> DATA SHOWN
--------------------

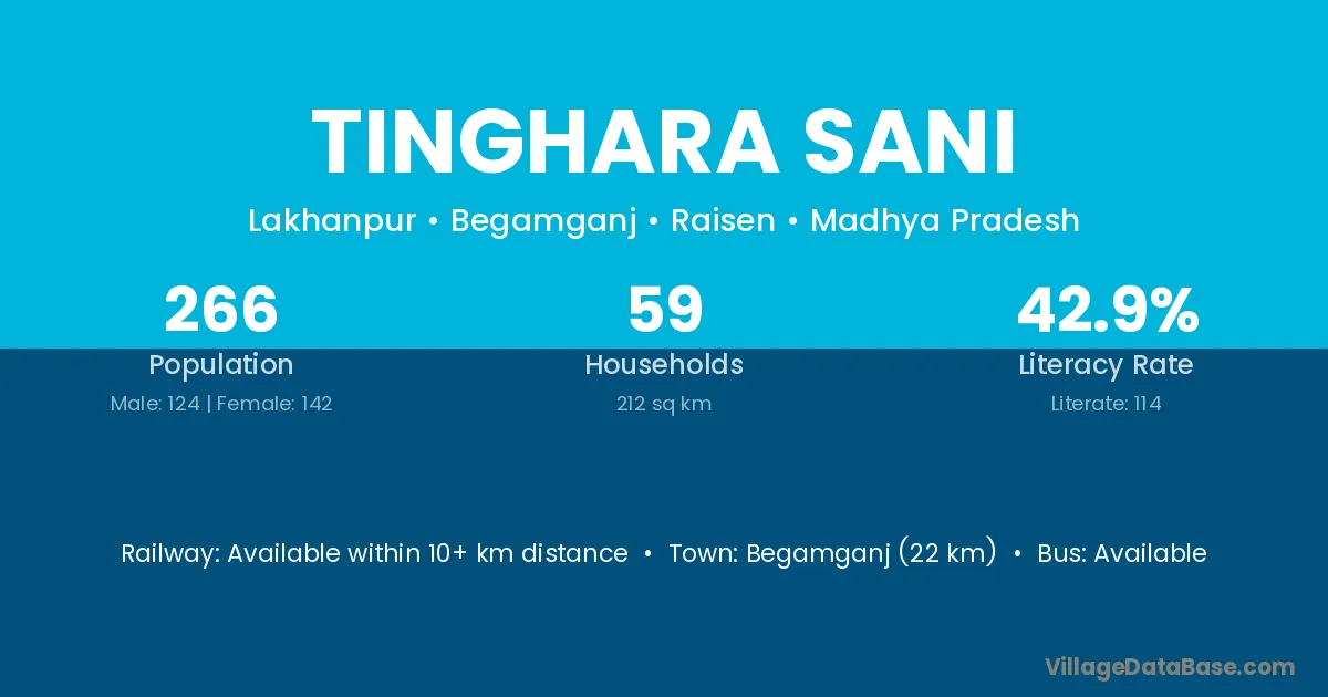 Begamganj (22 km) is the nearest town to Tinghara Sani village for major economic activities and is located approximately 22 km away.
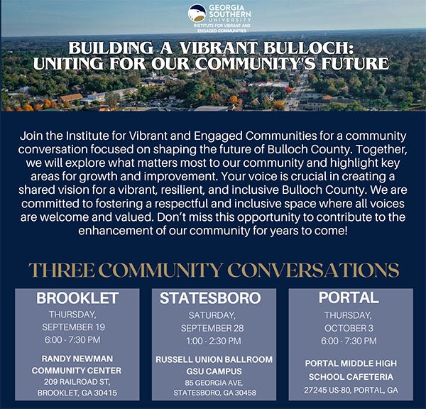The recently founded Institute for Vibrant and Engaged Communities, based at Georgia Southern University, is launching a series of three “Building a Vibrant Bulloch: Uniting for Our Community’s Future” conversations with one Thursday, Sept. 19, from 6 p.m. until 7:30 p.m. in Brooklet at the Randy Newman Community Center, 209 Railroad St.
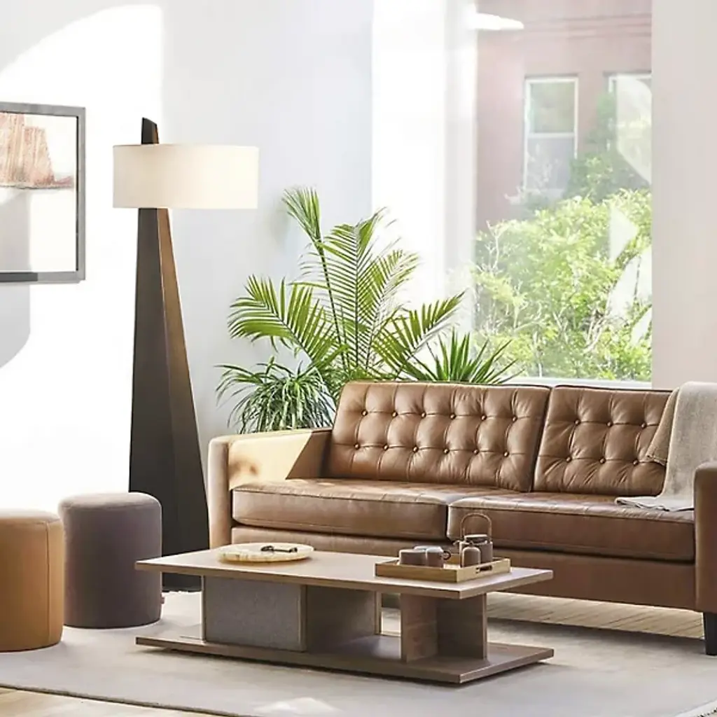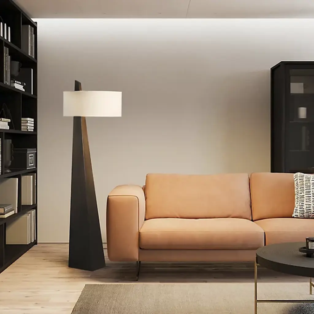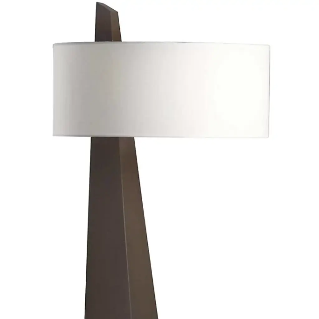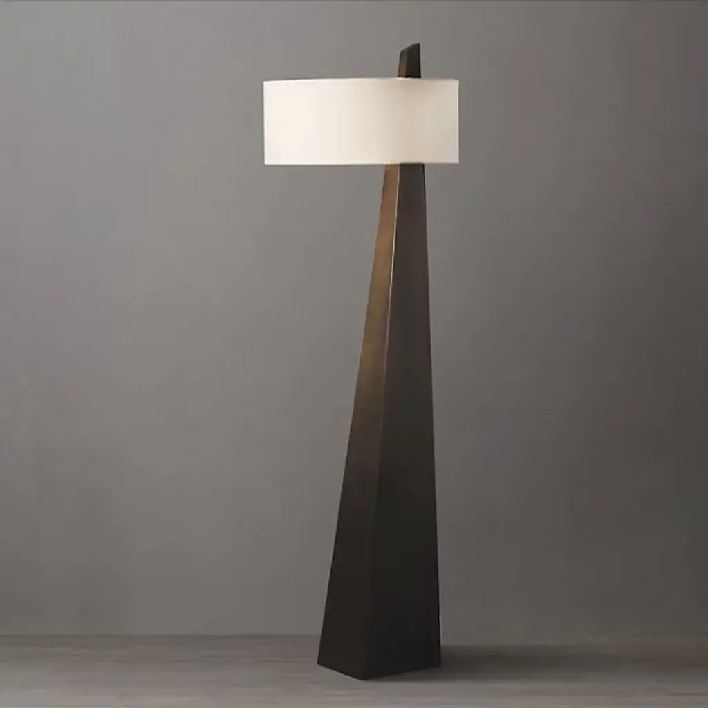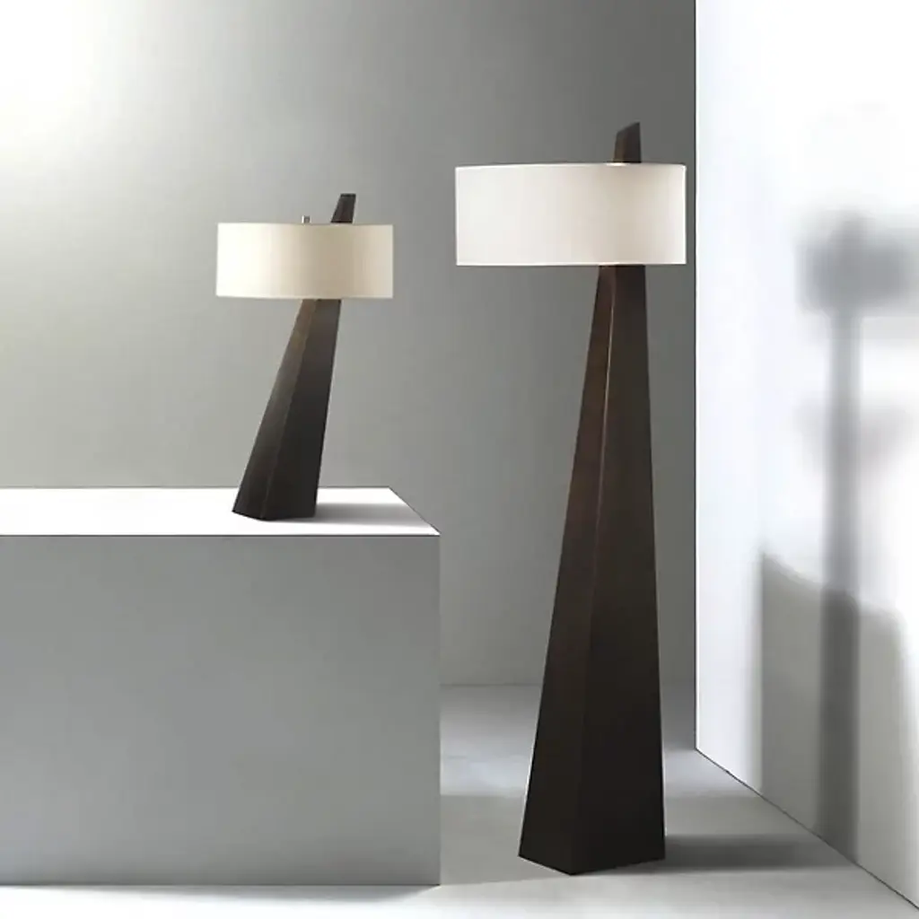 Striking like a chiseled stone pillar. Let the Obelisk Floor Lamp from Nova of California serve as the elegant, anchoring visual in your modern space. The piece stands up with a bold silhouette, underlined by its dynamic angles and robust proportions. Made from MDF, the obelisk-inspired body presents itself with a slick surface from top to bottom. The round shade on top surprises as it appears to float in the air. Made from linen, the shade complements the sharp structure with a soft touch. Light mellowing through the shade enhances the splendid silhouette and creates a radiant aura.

--------------------

> WHAT YOU SHOULD DO
To complete the exercise, return the listing above exactly and omit its pictures.

> TASK SOLUTION
 Begamganj (22 km) is the nearest town to Tinghara Sani village for major economic activities and is located approximately 22 km away.
The recently founded Institute for Vibrant and Engaged Communities, based at Georgia Southern University, is launching a series of three “Building a Vibrant Bulloch: Uniting for Our Community’s Future” conversations with one Thursday, Sept. 19, from 6 p.m. until 7:30 p.m. in Brooklet at the Randy Newman Community Center, 209 Railroad St.
 Striking like a chiseled stone pillar. Let the Obelisk Floor Lamp from Nova of California serve as the elegant, anchoring visual in your modern space. The piece stands up with a bold silhouette, underlined by its dynamic angles and robust proportions. Made from MDF, the obelisk-inspired body presents itself with a slick surface from top to bottom. The round shade on top surprises as it appears to float in the air. Made from linen, the shade complements the sharp structure with a soft touch. Light mellowing through the shade enhances the splendid silhouette and creates a radiant aura.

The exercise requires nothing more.